第2話 意外な一面

 その日の夕方。学校の授業を終えた私は、たっくんを迎えに行くため、すぐに保育園に向かう。

 ってできたらよかったんだけど、帰ろうとしたところで先生に捕まって、ちょっとした用事を頼まれちゃった。


 そこまで大変じゃなさそうだから引き受けたんだけど、終わってみると、思ったより時間がかかってしまった。


「急がないと」


 すごく遅くなったってわけじゃないけど、あんまり待たせると、たっくんが寂しがるかも。そう思うと、自然と足が速くなる。


 そうして、たっくんの通う保育園にやって来て、まずは保育士さんに挨拶して、今日はお姉ちゃんじゃなくて私が代わりに来たんだって説明する。


 こんなことは今までにも何度かあったし、たっくんのクラスの担任の久瀬先生とはすっかり顔見知りだから、すぐにわかってくれた。


「お姉さんの代わりにお迎えなんて、偉いわね」

「いえ、そんなことないですよ」


 半分は私が好きでやってるみたいなもんだから、そんな風に言われると、なんだか照れくさい。

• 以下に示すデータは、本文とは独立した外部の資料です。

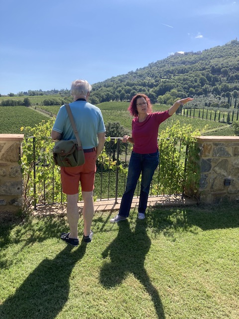 We had met Angela of Istine at the consorzio party, and arranged to visit before our next journey to Montalcino. Her colleague greeted us and showed us round the vineyard (before the flies got any worse!) and supplied background to this newish project, before Angela joined us for the tasting. She is producing not one but three UGAs and one Riserva and invests huge energy to drive this forward; very clear in her aim and how to achieve it. Impressive!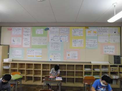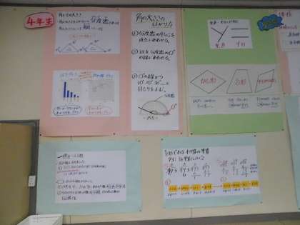 少人数算数の教室です。外のわくわく算数コーナーだけでなく、教室内も学年ごとのワンポイントコーナーが充実しています。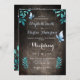O Design de casamento floral da borboleta azul-aquática russa apresenta um fundo de madeira, folhagem floral de cor aquosa e galhos em vários tons de verde e azul com borboletas cor-de-rosa.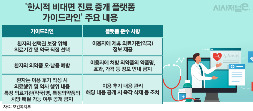 가이드라인에는 ▲의료기관(약국)이 환자의 본인 여부 확인 방법 마련 ▲환자의 의료기관(약국) 직접 선택 ▲대체 조제 명시 ▲처방전 재사용 금지 내용 명시 ▲처방의약품 약품명·효과·가격 등 정보 안내 금지 ▲환자의 이용 후기에 환자 유인 행위 방지를 위한 관리방안 마련 등 비대면 진료 플랫폼이 준수해야 할 세부 사항 6가지가 포함됐다.
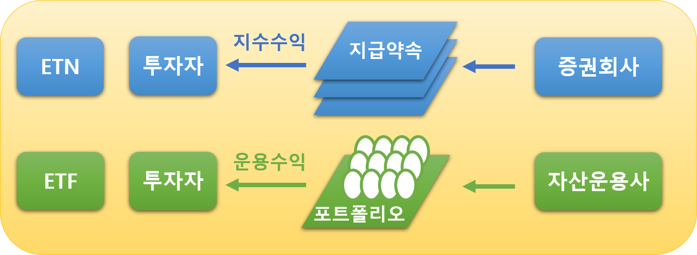 ETN은 증권회사가 무담보 신용으로 발행하는 데 반해, ETF는 자산운용사가 발행합니다.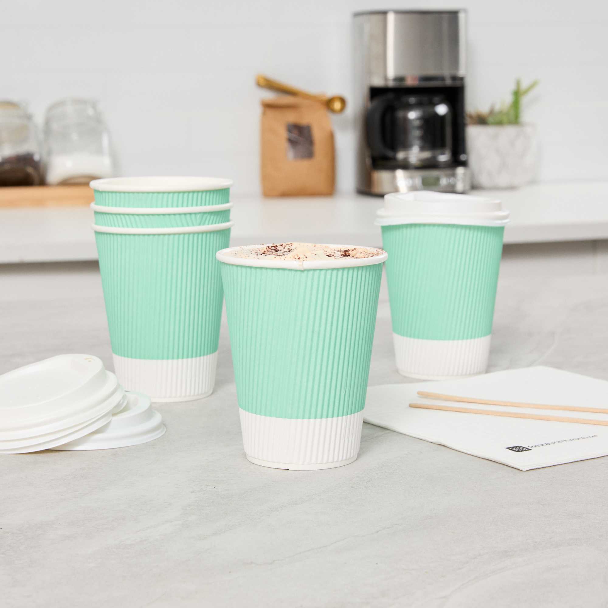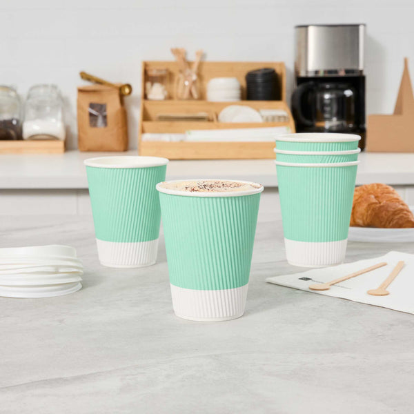 12 OZ LIGHT GREEN PAPER COFFEE CUP - RIPPLE WALL

「最近の中学生って、みんなこんなに面倒見がいいのかしら」

「みんな?」


 久瀬先生の言葉がなんだか引っかかったけど、それより早くたっくんのところに行かなきゃ。

 寂しがってなきゃいいけど。

 もし寂しがってたら、まずは遅れたことを謝って、その分うんと遊んであげよう。


 そうしてたっくんのクラスに向かうと、近づくにつれ、中からなんだか楽しそうな笑い声が聞こえてきた。

 これは、たっくんの声だ。


「何してるんだろ?」


 たっくんは、どちらかといえば大人しい子だから、こんなに大声ではしゃぐのは珍しいかも。


「ねえ、もっとやって!」

「ああ、いいぞ。よっと!」


 聞こえてくる声は、たっくんだけじゃなく、男の人のものもあった。


 男の保育士さんかな?

 そう思いながら中を見ると、既にほとんどの子はお迎えが来ていたみたいで、残っている子どもはたった二人。

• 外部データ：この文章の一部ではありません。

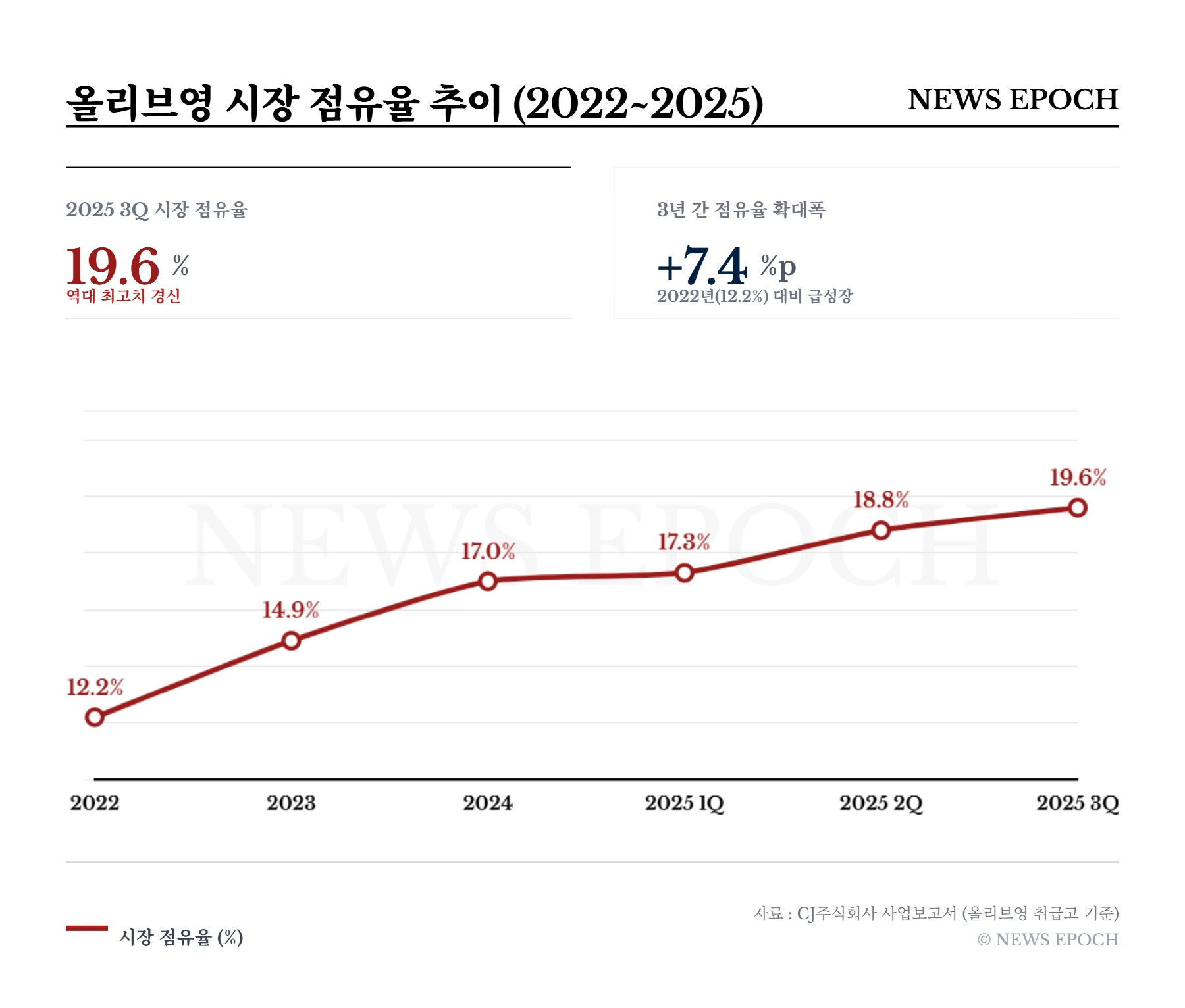 이러한 지배력은 2025년 들어 더욱 공고해지고 있다. 2022년 12.2%였던 뷰티 시장 점유율은 2025년 3분기 기준 19.6%까지 치솟았다. 전체 뷰티 시장 5분의 1이 올리브영이라는 단일 채널에서 움직이는 셈이다. 왓슨스, 롭스 등 과거 드럭스토어 경쟁사들이 퇴장한 자리를 올리브영이 완전히 장악하며, 데이터는 이 압도적인 지배력이 어떻게 브랜드사의 마진을 잠식하고 그 결실이 누구의 주머니로 들어가는지를 냉정하게 시사한다.

 たっくんと、あと一人は女の子だ。たしか、名前は日向ちゃん。


 たっくんと仲良しの子で、今みたいお迎えに来た時、一緒に遊んでるのを何度か見たことがあるし、私もちょっとだけ一緒に遊んだことがあるんだよね。


 まだ小さいのに顔の形がすっごく整ってるってわかって、大きくなったらすごい美少女になりそう。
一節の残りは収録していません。